Provided records -
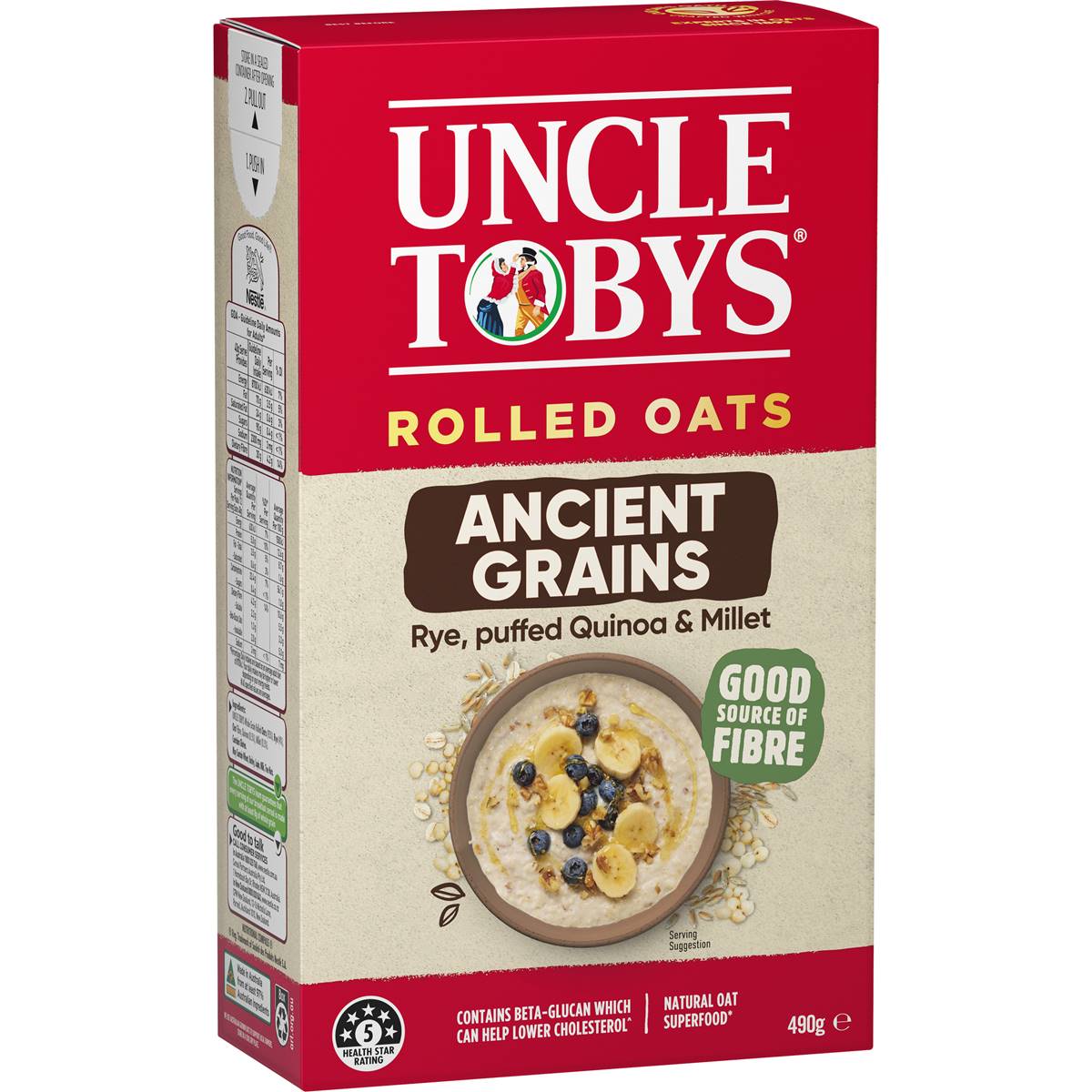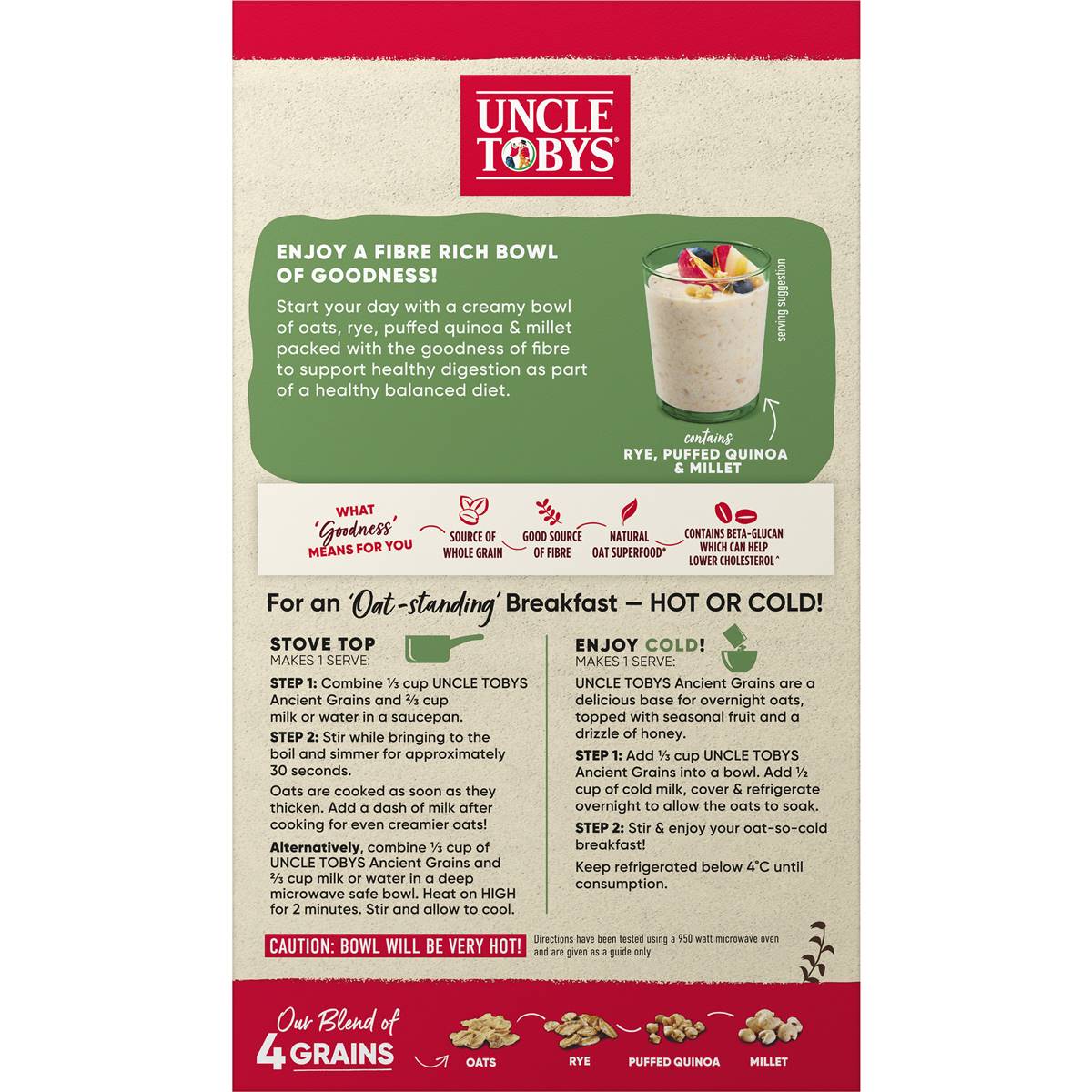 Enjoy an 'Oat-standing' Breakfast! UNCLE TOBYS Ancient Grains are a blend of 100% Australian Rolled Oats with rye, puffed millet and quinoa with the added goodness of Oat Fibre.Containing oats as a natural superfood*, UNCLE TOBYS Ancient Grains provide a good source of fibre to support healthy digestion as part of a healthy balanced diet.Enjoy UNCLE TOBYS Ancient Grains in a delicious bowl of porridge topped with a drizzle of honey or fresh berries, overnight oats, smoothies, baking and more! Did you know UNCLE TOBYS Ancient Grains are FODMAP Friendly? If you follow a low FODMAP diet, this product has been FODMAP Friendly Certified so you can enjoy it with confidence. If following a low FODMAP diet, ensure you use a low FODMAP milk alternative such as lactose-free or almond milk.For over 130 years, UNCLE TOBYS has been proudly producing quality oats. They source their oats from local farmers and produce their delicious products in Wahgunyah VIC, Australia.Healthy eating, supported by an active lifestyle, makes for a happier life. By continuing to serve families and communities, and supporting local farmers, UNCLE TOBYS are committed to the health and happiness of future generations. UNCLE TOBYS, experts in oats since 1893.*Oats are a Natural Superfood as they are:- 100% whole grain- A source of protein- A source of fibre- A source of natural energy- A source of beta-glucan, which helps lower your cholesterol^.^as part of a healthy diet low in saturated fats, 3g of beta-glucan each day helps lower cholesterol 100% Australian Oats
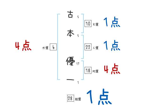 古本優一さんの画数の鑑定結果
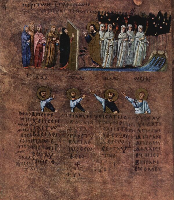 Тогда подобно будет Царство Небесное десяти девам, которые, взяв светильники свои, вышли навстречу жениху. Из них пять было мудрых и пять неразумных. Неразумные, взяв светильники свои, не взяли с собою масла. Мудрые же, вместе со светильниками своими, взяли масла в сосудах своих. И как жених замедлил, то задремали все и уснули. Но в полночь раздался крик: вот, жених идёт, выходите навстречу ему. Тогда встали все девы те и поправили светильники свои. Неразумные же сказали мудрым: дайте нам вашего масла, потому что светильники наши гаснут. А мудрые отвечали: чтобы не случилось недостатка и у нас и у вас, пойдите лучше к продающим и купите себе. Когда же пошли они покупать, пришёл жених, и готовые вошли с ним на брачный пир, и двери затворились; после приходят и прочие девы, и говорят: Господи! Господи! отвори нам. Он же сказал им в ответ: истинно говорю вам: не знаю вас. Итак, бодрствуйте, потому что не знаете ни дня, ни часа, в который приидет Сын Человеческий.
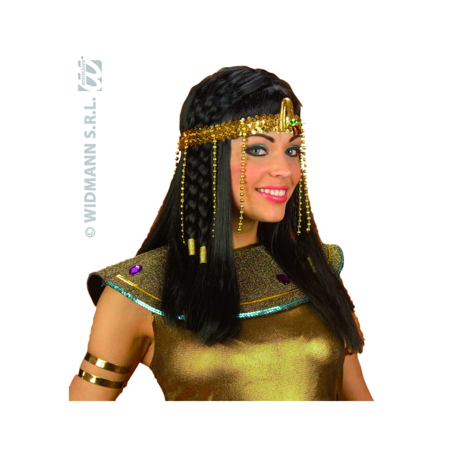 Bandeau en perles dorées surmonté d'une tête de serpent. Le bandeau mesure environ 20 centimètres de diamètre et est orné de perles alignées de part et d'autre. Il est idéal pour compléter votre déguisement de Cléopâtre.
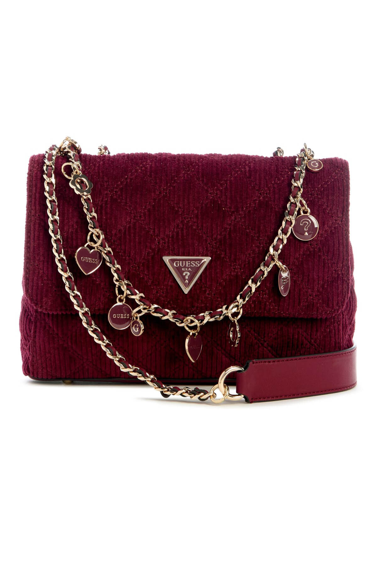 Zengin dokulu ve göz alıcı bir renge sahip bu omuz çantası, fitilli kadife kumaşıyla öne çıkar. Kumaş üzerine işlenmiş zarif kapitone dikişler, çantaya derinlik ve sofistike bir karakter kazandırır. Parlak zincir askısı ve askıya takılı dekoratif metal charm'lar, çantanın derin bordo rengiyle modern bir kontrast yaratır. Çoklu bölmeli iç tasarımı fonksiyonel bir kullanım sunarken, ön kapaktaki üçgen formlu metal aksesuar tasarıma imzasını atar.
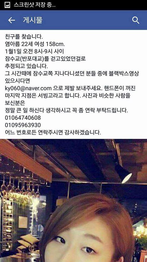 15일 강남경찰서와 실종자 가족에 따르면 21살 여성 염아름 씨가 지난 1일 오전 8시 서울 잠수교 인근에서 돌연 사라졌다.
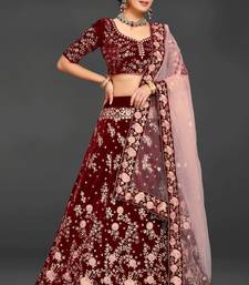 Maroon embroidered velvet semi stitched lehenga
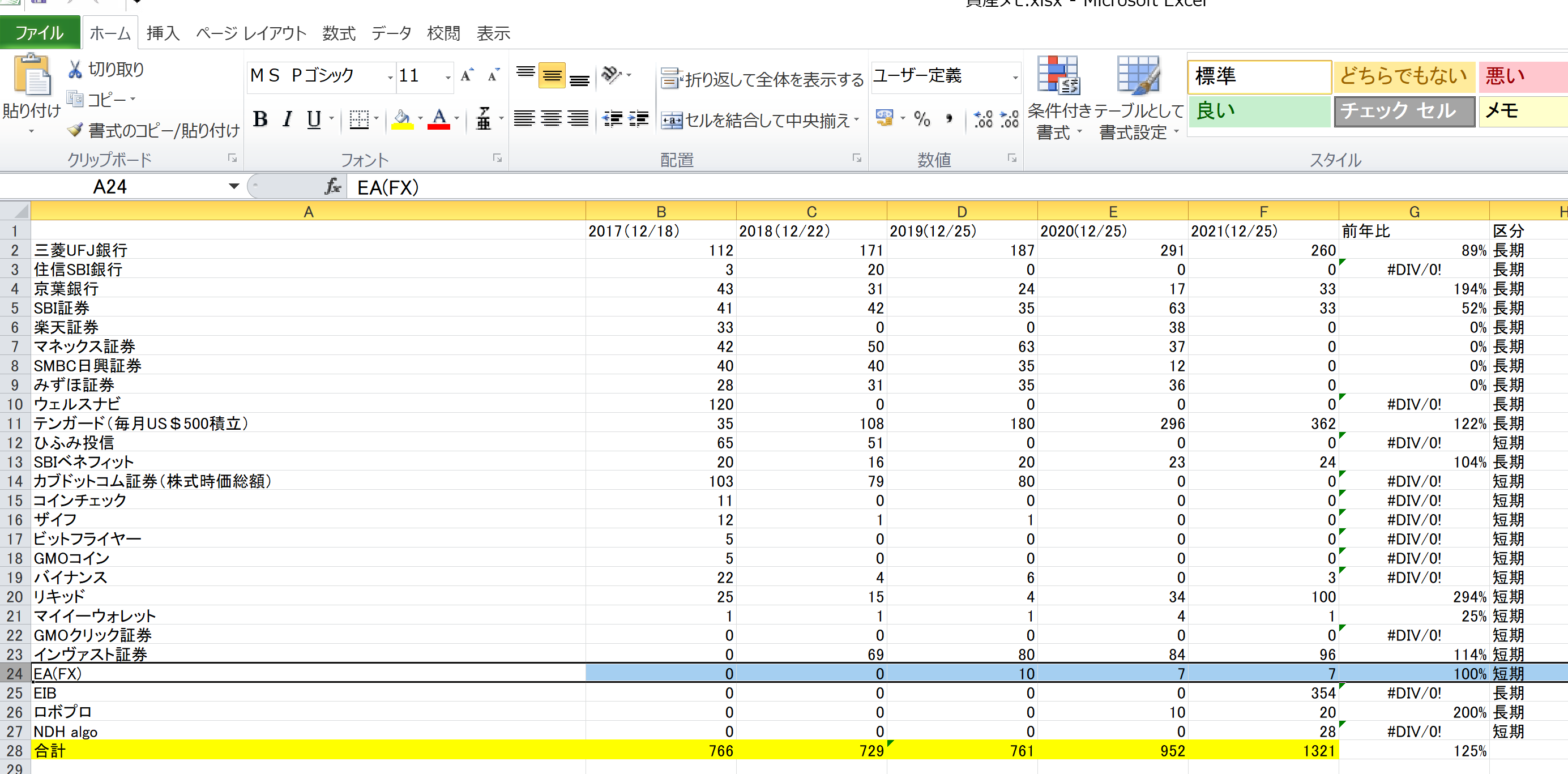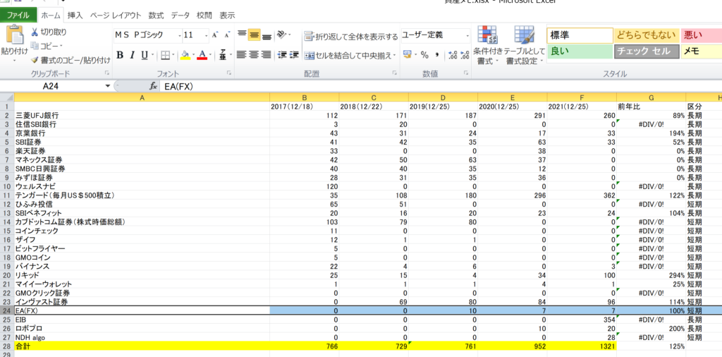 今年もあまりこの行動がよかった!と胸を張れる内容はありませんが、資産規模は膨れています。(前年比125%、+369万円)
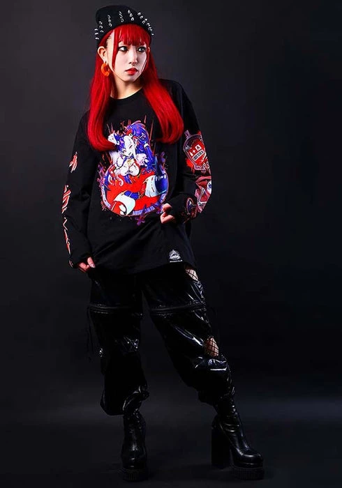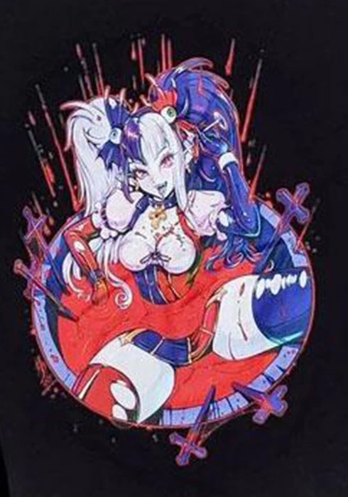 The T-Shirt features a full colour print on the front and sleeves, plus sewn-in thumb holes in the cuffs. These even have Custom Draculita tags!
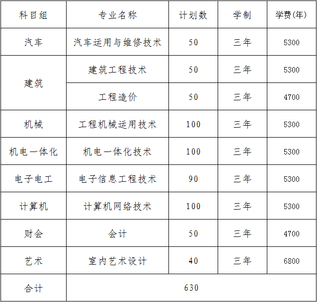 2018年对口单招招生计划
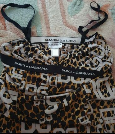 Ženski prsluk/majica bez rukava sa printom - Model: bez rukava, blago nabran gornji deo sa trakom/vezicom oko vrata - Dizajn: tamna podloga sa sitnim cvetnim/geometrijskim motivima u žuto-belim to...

What the task requires -
Print the material exactly as given, but not the pictures.

Response area -
 Enjoy an 'Oat-standing' Breakfast! UNCLE TOBYS Ancient Grains are a blend of 100% Australian Rolled Oats with rye, puffed millet and quinoa with the added goodness of Oat Fibre.Containing oats as a natural superfood*, UNCLE TOBYS Ancient Grains provide a good source of fibre to support healthy digestion as part of a healthy balanced diet.Enjoy UNCLE TOBYS Ancient Grains in a delicious bowl of porridge topped with a drizzle of honey or fresh berries, overnight oats, smoothies, baking and more! Did you know UNCLE TOBYS Ancient Grains are FODMAP Friendly? If you follow a low FODMAP diet, this product has been FODMAP Friendly Certified so you can enjoy it with confidence. If following a low FODMAP diet, ensure you use a low FODMAP milk alternative such as lactose-free or almond milk.For over 130 years, UNCLE TOBYS has been proudly producing quality oats. They source their oats from local farmers and produce their delicious products in Wahgunyah VIC, Australia.Healthy eating, supported by an active lifestyle, makes for a happier life. By continuing to serve families and communities, and supporting local farmers, UNCLE TOBYS are committed to the health and happiness of future generations. UNCLE TOBYS, experts in oats since 1893.*Oats are a Natural Superfood as they are:- 100% whole grain- A source of protein- A source of fibre- A source of natural energy- A source of beta-glucan, which helps lower your cholesterol^.^as part of a healthy diet low in saturated fats, 3g of beta-glucan each day helps lower cholesterol 100% Australian Oats
 古本優一さんの画数の鑑定結果
 Тогда подобно будет Царство Небесное десяти девам, которые, взяв светильники свои, вышли навстречу жениху. Из них пять было мудрых и пять неразумных. Неразумные, взяв светильники свои, не взяли с собою масла. Мудрые же, вместе со светильниками своими, взяли масла в сосудах своих. И как жених замедлил, то задремали все и уснули. Но в полночь раздался крик: вот, жених идёт, выходите навстречу ему. Тогда встали все девы те и поправили светильники свои. Неразумные же сказали мудрым: дайте нам вашего масла, потому что светильники наши гаснут. А мудрые отвечали: чтобы не случилось недостатка и у нас и у вас, пойдите лучше к продающим и купите себе. Когда же пошли они покупать, пришёл жених, и готовые вошли с ним на брачный пир, и двери затворились; после приходят и прочие девы, и говорят: Господи! Господи! отвори нам. Он же сказал им в ответ: истинно говорю вам: не знаю вас. Итак, бодрствуйте, потому что не знаете ни дня, ни часа, в который приидет Сын Человеческий.
 Bandeau en perles dorées surmonté d'une tête de serpent. Le bandeau mesure environ 20 centimètres de diamètre et est orné de perles alignées de part et d'autre. Il est idéal pour compléter votre déguisement de Cléopâtre.
 Zengin dokulu ve göz alıcı bir renge sahip bu omuz çantası, fitilli kadife kumaşıyla öne çıkar. Kumaş üzerine işlenmiş zarif kapitone dikişler, çantaya derinlik ve sofistike bir karakter kazandırır. Parlak zincir askısı ve askıya takılı dekoratif metal charm'lar, çantanın derin bordo rengiyle modern bir kontrast yaratır. Çoklu bölmeli iç tasarımı fonksiyonel bir kullanım sunarken, ön kapaktaki üçgen formlu metal aksesuar tasarıma imzasını atar.
 15일 강남경찰서와 실종자 가족에 따르면 21살 여성 염아름 씨가 지난 1일 오전 8시 서울 잠수교 인근에서 돌연 사라졌다.
 Maroon embroidered velvet semi stitched lehenga
 今年もあまりこの行動がよかった!と胸を張れる内容はありませんが、資産規模は膨れています。(前年比125%、+369万円)
 The T-Shirt features a full colour print on the front and sleeves, plus sewn-in thumb holes in the cuffs. These even have Custom Draculita tags!
 2018年对口单招招生计划
 Ženski prsluk/majica bez rukava sa printom - Model: bez rukava, blago nabran gornji deo sa trakom/vezicom oko vrata - Dizajn: tamna podloga sa sitnim cvetnim/geometrijskim motivima u žuto-belim to...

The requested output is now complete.